EMA takes yet another step in public engagement with its first public hearing

Press release 05/10/2017

Summary report now published

Patients, carers, doctors, pharmacists and academia shared their experience with valproate - a medicine that treats epilepsy, bipolar disorder and migraine - at the first public hearing held by the European Medicines Agency (EMA) at its offices in London on 26 September 2017.

“The European Parliament insisted on including public hearings in the EU law on medicines safety,” said Linda McAvan, Member of the European Parliament. “The positive experience from EMA's first public hearing confirms that giving patients a platform to tell their story was the right thing to do.”

The hearing gave an opportunity to EU citizens representing a wide range of groups to make their voices heard to complement the available scientific evidence in the evaluation of this medicine. The total number of attendees was 65, including 28 patients and patient representatives, 19 healthcare professionals and academics, 11 from pharmaceutical industry and 7 from media. There were a total of 25 speaker contributions, grouped into 16 speaker slots.

“The hearing today went absolutely well, beyond expectations. There was an open, non-judgemental atmosphere that allowed all participants to talk with equal credibility,” explained François Houÿez from EURORDIS. “The hearing was carried out in a special ambiance characterised by solemnity, seriousness, and openness.”

The public hearing is part of a review of the safety of using valproate-containing medicines in women and girls who are pregnant or of childbearing age by EMA's Pharmacovigilance Risk Assessment Committee (PRAC). There is a risk of malformations and neurodevelopmental problems in babies who are exposed to valproate in the womb, and the review follows concerns that European Union (EU)-wide risk minimisation measures currently in place do not seem to be sufficiently effective.

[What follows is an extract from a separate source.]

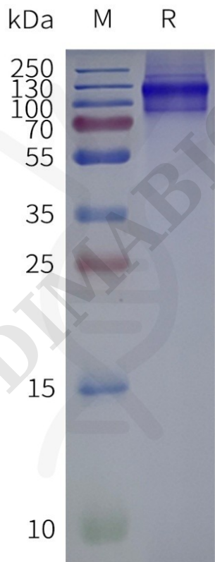
Figure 2. Human CHRM3-Strep-Nanodisc, C-Flag&Strep Tag on SDS-PAGE
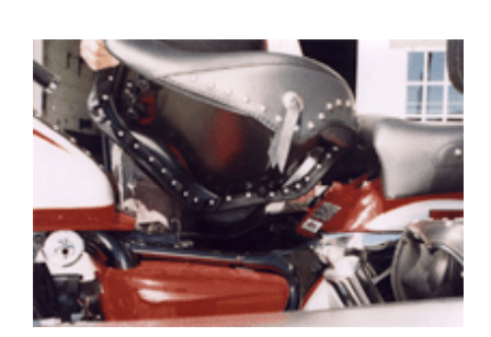
Enjoy the Comfort of your new Mustang Seat!

These steps are guidelines to help you install your new Mustang product. If you need further assistance, please call us at 800-243-1392, Monday through Friday 9:00 - 5:30 Eastern, or send an email to questions@mustangseats.com, or visit our website at www.mustangseats.com. For care and maintenance of our seats, please go to our website under "Support". Ref part #75970, 75972, 79140, 79141

“The public hearing was a great opportunity to hear many different views in a relatively short time on a problem of high complexity,” stressed Martin Brodie from the International Bureau for Epilepsy. “Discrepancies in the healthcare systems between EU countries and huge challenges that lie ahead when it comes to restrictions in the use of valproate make this topic a wise choice for a first hearing in Europe.”

“I very much welcome EMA's efforts to engage with the 'real world' when making regulatory decisions. It was a great opportunity to share experience and ideas with PRAC members on how community pharmacists could play an increased role in raising awareness about the risks of valproate in women of childbearing age,” added Jūratė Švarcaitė, Pharmaceutical Group of the European Union (PGEU).

There was agreement among the participants on the undeniable risks of valproate to unborn babies, if used during pregnancy. Many speakers confirmed that the improved information resources that had been developed in some Member States after PRAC's previous recommendations were not reaching the targeted audiences, and the importance of the dissemination, implementation and acceptance of this information was stressed.

In response to the question of what other measures should be taken to reduce the risks of using valproate during pregnancy, the speakers provided important ideas such as including visual reminders of the risks on the outer packaging of valproate medicines and the need for regular reviews for all women receiving valproate long-term, to ensure that, in future, no woman taking this medicine is unaware of the risks.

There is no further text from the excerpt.